Just Let Her Do The Dishes
Happy Mother’s Day to our Shades of Influence audience! Today is a wonderful day to celebrate all the Moms, Mummys and Mamas our there so please make sure that you do so!
My relationship with my Mummy was not always the easiest. We clashed a bit during the stereotypical teenage years and that followed us into my adulthood. My mother was a wonderful woman. She was dedicated to her family and her profession, she would do anything for anyone, she was unerringly nice and was wickedly and quietly smart – she would make you think you were the smartest person in the room when really, she was. She was loved by many but as her daughter, I related differently to her; we both had expectations of each other that didn’t always make for a smooth ride.
Like with any relationship, there were always little grievances.

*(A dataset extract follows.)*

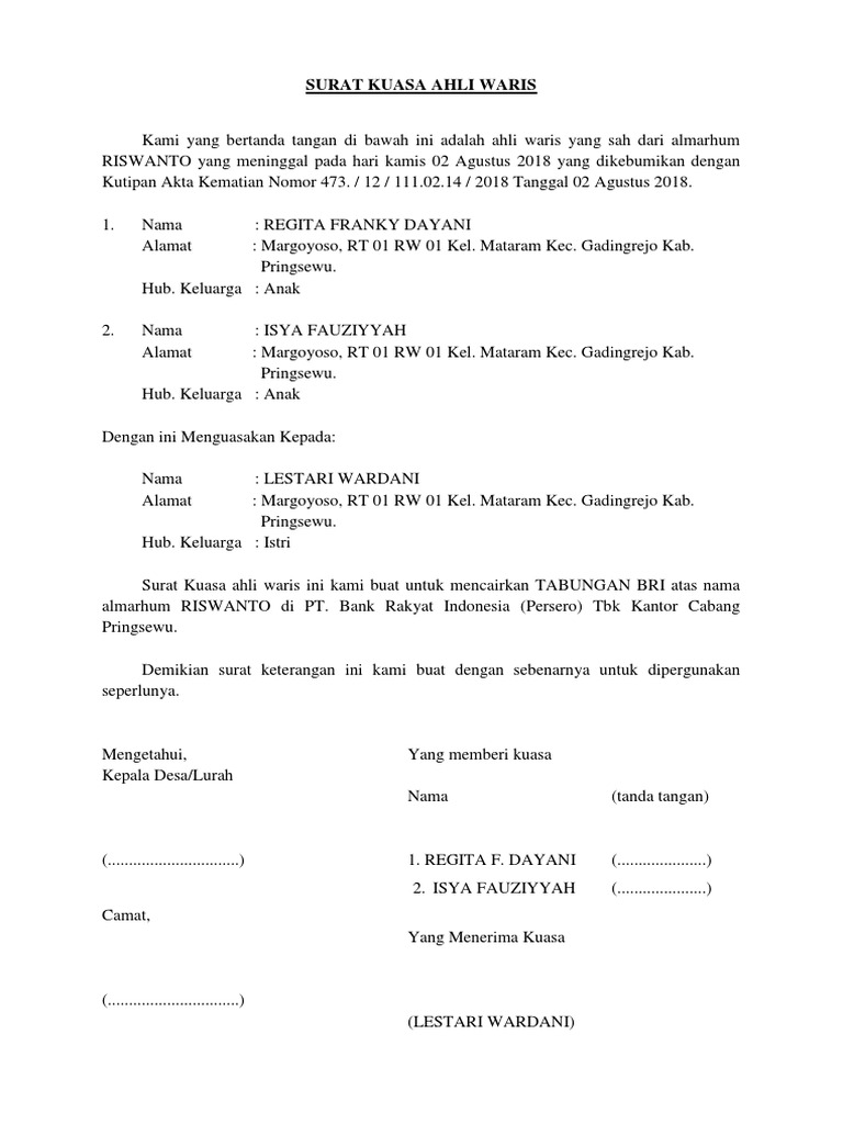 Download Contoh Surat Kuasa Ahli Waris untuk Membagi Harta Warisan. Lihat juga contohturun dan contoh surat kuasa turun waris Wewenang yang dilimpahkan ditetapkan hanya sebatas isi surat kuasa itu. Surat kuasa ini dibuat dengan bahasa yang baku dan jelassurat kuasa ini harus berisikan identitas dan tanda tangan pemberi kuasa dan penerima kuasa dengan benar dan.

I would get irritated when my parents would visit and Mummy would want to immediately try to start cleaning stuff up. She would ask if I wanted her to do this and that around the house and I would say no, nope, not today…it was a little dance that we did. There were two reasons I would decline; one was that I really did not want her to exert herself and the second was that I felt like if I said yes, it would show that I couldn’t take care of my own stuff.
When my mother got sick, all of my assertions of adulthood, the façade that we often build of being strong and invulnerable, crumbled…melted like ice cream on a hot summer day. I became her child again, wanting to wrap myself up in her skirt and never leave her. I rediscovered my mother in the last few months of her life and while that may seem achingly sad, I am forever grateful that it happened.
In the years that she’s been gone, I have realized over and over again how right she was about so many things and it makes me shake my head at just how smart and perceptive she really was. My brother and I often have conversations that revolve around what she would have said or thought about whatever we are discussing. She is in our head and in our hearts.
So here is my message to you today - celebrate your Mom with pomp and circumstance – ply her with gifts, take her out, love her as much as you can. And when she comes over for a visit, just let her do the dishes, it isn’t that big of a deal, believe me.